En l’an I de la République, la Révolution cherche insatiablement une légitimité de marbre. C’est au cœur de Paris, dans les rues sinueuses et cloitrées de la Terreur, que deux artistes ont souhaité s’interroger sur la problématique de la sacralité dans un processus politique révolutionnaire. Le ciel au dessus du Louvre est une œuvre magistrale mis en image par Bernar Yslaire et scénarisé par Jean Claude Carrière. Ce dernier, que l’on connaît mieux comme scénariste du grand écran, qui a notamment travaillé au côté de Andrzej Wajda pour le film Danton, se confronte à nouveau à l’histoire de la Révolution française à travers un récit dessiné . L’édition Futuropolis, en partenariat avec le musée du Louvre, amorce un réel travail de fond depuis quelques années dans la réflexion autour de l’image en général. Insérer des œuvres au cœur d’une bande dessinée, c’est dynamiser une mise en abime insolite qui permet d’ouvrir une nouvelle dimension à la recherche esthétique, artistique, voire historique. Le récit commence par cette phrase évocatrice : « La Révolution est aux abois, envahie par l’Europe des rois, rongée par la guerre de Vendée et d’autres révoltes à Lyon, à Marseille ». Marat vient de mourir assassiné, le processus de sacralisation est en marche, la Révolution prend un nouveau départ, il faut constamment œuvrer pour la légitimation du pouvoir en place. L’histoire est celle des deux des plus grandes personnalités politiques, Robespierre et David, situés au cœur de la tourmente révolutionnaire. Au nom du Comité de Salut public, Robespierre commande à David une représentation de l’Etre Suprême car « tout culte à besoin d’image, même l’Invisible a besoin d’être incarné » (planche 24).

S’interroger sur le pouvoir de l’image pendant la Révolution française, c’est essayer de se pencher sur les acteurs eux-mêmes, de se rapprocher de leur volonté de produire une légitimité durable. Dans une quête créative, l’image prend une place de choix, elle peut transcender les êtres, elle peut être le garant d’un pouvoir embryonnaire. « C’est dans la représentation que le pouvoir est absolu » écrit Louis Marin dans Le portrait du roi. On a bien ici une des thématiques fondamentales de cette bande dessinée, où la « République doit se défendre par les armes, mais aussi par les idées, par les images, par les symboles, par la beauté » (planche 10). Dans cette France devenue orpheline, de père et de mère, la question de la sacralité semble devenir essentielle. Les auteurs nous invitent à nous interroger sur un ciel devenu désespérément vide et à nous demander si l’Art ou l’image peut produire une divinité. Dès l’ouverture, Yslaire et Carrière inaugurent un processus de représentation. La pleine page, qui prend la forme d’un tableau (par là même les chapitres deviennent eux aussi différents tableaux), ouvre une scène de théâtre par sa propre composition, les chevalets faisant office de rideaux ouverts. Cet indice emphatique apporte l’élément fondamental de la réflexion : la bande dessinée s’assume comme la représentation du réel, elle ne prétend pas l’incarner. Dès les premiers balbutiements qui suivent la

mort de Marat et la naissance de la prééminence de Robespierre sur la scène politique, le rôle de David se trouve changé. Il apparaît comme le « metteur en scène » de la Révolution. Robespierre se saisit rapidement de ces talents pour représenter les nouveaux principes de la République, les martyrs de la Révolution…

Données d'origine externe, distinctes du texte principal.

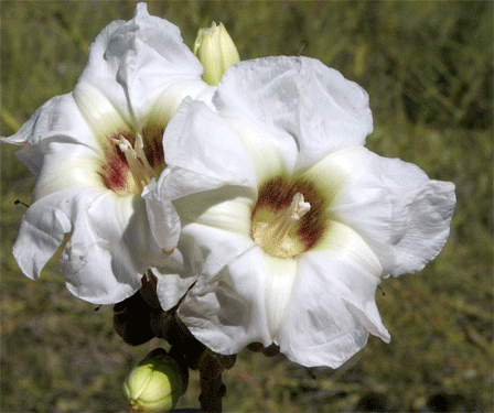 This weeping tree bears white convolvulus-like flowers in late winter, when it loses all its leaves. It is a very attractive tree for the large garden, and is good for growing in warmer areas.
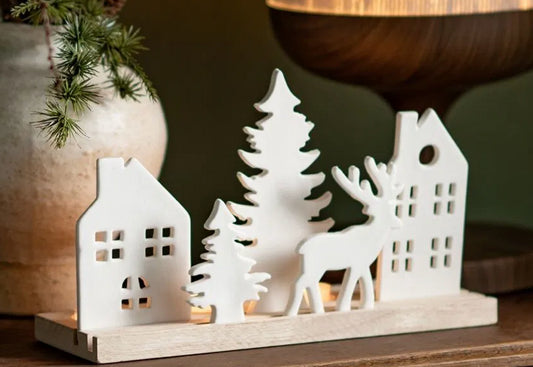 Advent Huis-Boom-Hert wit/hout 30x18x10 cm
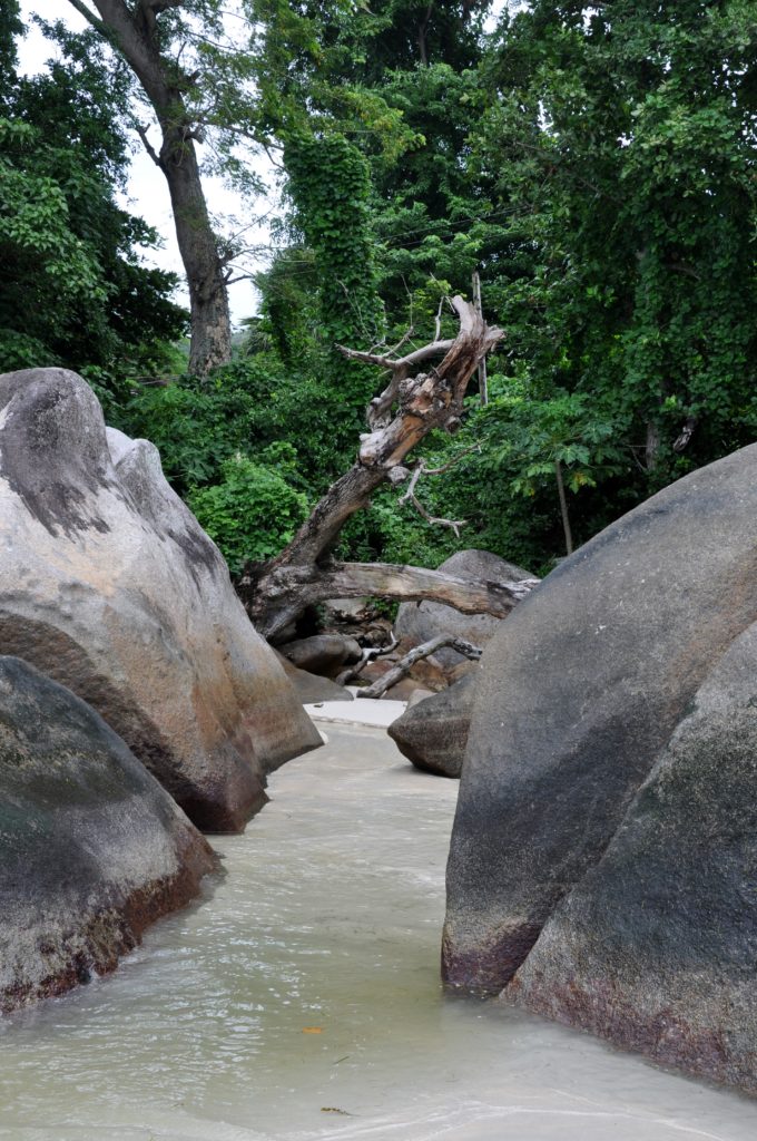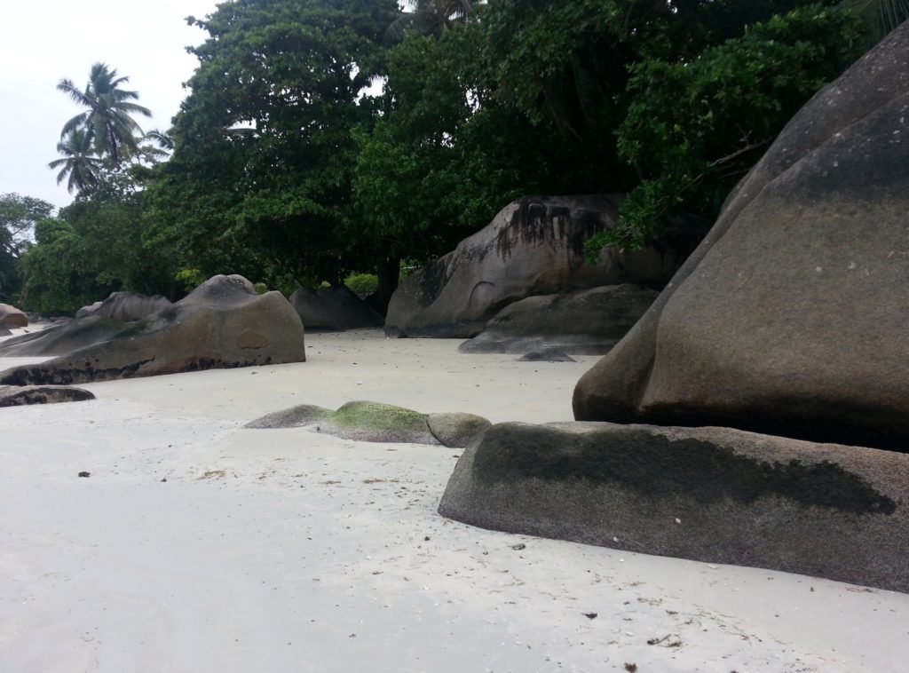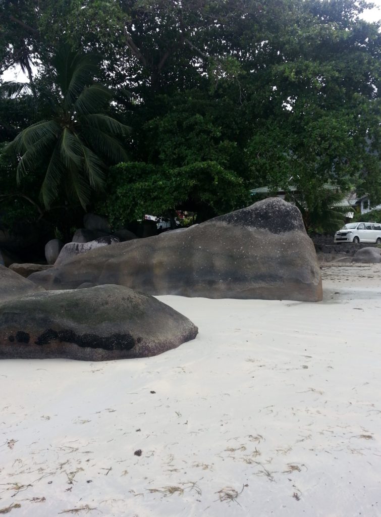 De karakteristiska stenformationerna som Seychellerna är kända för finns även på Mahé, även om de inte är lika spektakulära som till exempel på ön La Digue. Under hela vår semester stannar vi kvar på Mahé, främst på grund av det ostadiga vädret. Egentligen var planen att besöka några av grannöarna, men väderförhållandena blir tyvärr inte tillräckligt bra för det.

Le lecteur est ici face à une première mise en abîme, ces deux hommes historiques, maintes fois représentés, sont à nouveau incarnés par la représentation construite par Yslaire. David et Robespierre, encadrés dans la planche sont ainsi mis en scène comme des images d’image, des pâles reflets des diverses représentations. Ainsi, les auteurs nous annoncent qu’ils vont jouer avec la représentation, que leurs personnages sont des images d’Epinal, produits de multiples fantasmes. Le Louvre en tant que personnage, incarne encore cette volonté narrative. Dès la planche 5, une vendeuse d’imagerie instantanée (support d’une écriture immédiate de l’Histoire ?) de la révolution s’exclame « mais la Fraternité c’est plus cher tu penses bien ? ». L’image permet donc la diffusion de l’Histoire dans le temps et par là même la production d’un imaginaire collectif souvent faussé. Ainsi, les auteurs mettent en place une seconde mise en abîme, une réflexion sur l’image comme représentation historique d’une réalité déformée dès son temps originel. D’une certaine manière, la bande dessinée vient s’affirmer comme fausse source historique.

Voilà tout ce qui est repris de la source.